The optimistic child – Part 1
It’s the start of another school day. A ten year-old boy gets to the school door but on this day he just can’t go in, it’s simply too much. He does everything he can to stop it happening, hitting himself on the wall, refusing help, clearly in distress, not running away or hurting anyone else. Family and staff are at a loss as to what they can do. Every time it happens it leaves everyone exhausted, with the child and the grown-ups feeling stuck. They don’t know how to get out of the situation to a better, happier place. At other times, when he does get through the door and into school, on a part-time timetable, he follows a set routine for entering class which works. The plan is to increase his time in school to full-time, in line with his Education, Health and Care Plan. There are many stories like this, where children are finding going happily into school a huge challenge, and people around them feel stuck and helpless.

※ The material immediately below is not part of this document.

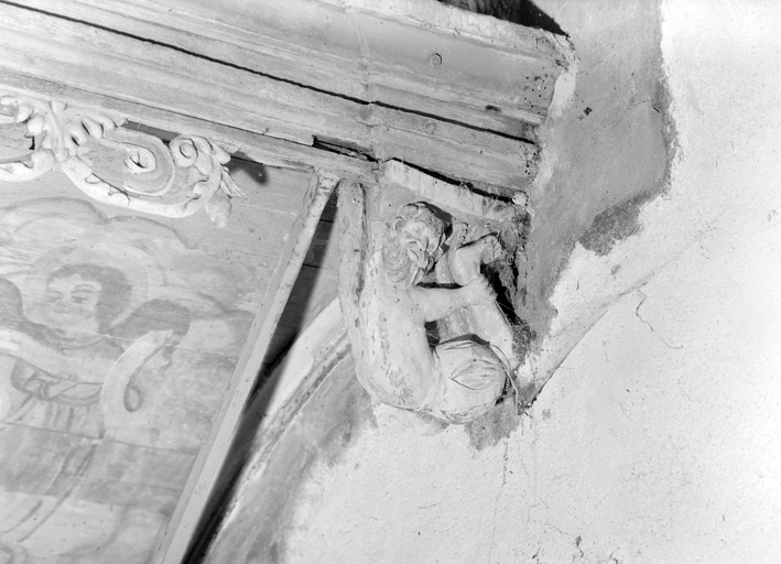 Côté ouest, cul-de-lampe sous le surplomb de l galerie à l'extrême sudImmatriculation

The question is – how to solve this problem, safely and effectively?
I’m currently working with this child, the school and the family.

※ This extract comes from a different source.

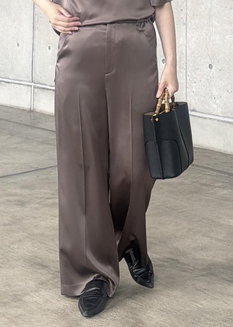 ストレッチ性がありとても着やすいです。光沢があるのでキレイ目にも合わせやすく、カジュアルなアイテムと合わせても大人カジュアルに着ることが出来ます。ウエストもゴムなので楽ちんです。同素材のブラウスもあるのでセットアップでも着ていただけます。 -

Our work is going well so far. What are we doing together? I’ll tell you about in a few moments.
But first, here’s another question; how do we view the issue of absence, non-attendance or school refusal ?

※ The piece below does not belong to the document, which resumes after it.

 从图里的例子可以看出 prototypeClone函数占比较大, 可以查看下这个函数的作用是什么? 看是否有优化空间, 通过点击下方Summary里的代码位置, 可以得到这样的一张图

Is it that these children and their families or carers are simply badly behaved, non-compliant, too lax about rules and regulations?
In which case is the answer stricter discipline, penalties and fines? Some authorities recommend forcing children into school until they overcome the anxiety school generates and they become compliant – in behaviour therapy known as “flooding”, direct exposure to a maximum intensity anxiety-producing situation aimed at extinguishing the undesired response, in this case school refusal. Parents or carers can be fined for their child’s behaviour.
Or should it be seen as a health issue; an anxious child with a pessimistic view of school who needs emotional support to build their confidence in facing and overcoming this fear inducing challenge? Which approach is more likely to lead to the desired outcome of getting children positively engaged with their academic, social and emotional learning, in class, with their friends and trusted adults?
Last week I wrote about the BBC Panorama programme “Mental health; young lives in crisis” which noted that “the rate of probable mental health conditions among 6 to 16 year olds was 1 in 9 and now it’s I in 6”, representing an “enormous wave of need”. How can we meet that amount of need in school?
The crisis in child mental health is exceeding the capacity of specialist services to meet the ever-increasing needs of children struggling in schools seems. Mental health awareness is a great idea but what comes first is timely practical support delivered by school staff as part and parcel of their routine pastoral work. Specialist services are one part of a range of responses across a spectrum from universal services, including schools through to inpatient mental hospitals.
Specialist services have come under increasing pressure through funding and staffing reductions and are forced to use waiting lists as a holding measure.
Schools as a universal service are different; schools don’t have waiting lists, they respond to children’s needs as they come up, day in and day out, in the best ways they can. Children struggling with their attendance or their emotions or their learning have equal priory with all the others needing timely support. Families and carers can bring their worries to schools who do their best to listen and respond positively, even when times are at their toughest, as we saw during the lockdown times in the Covid pandemic.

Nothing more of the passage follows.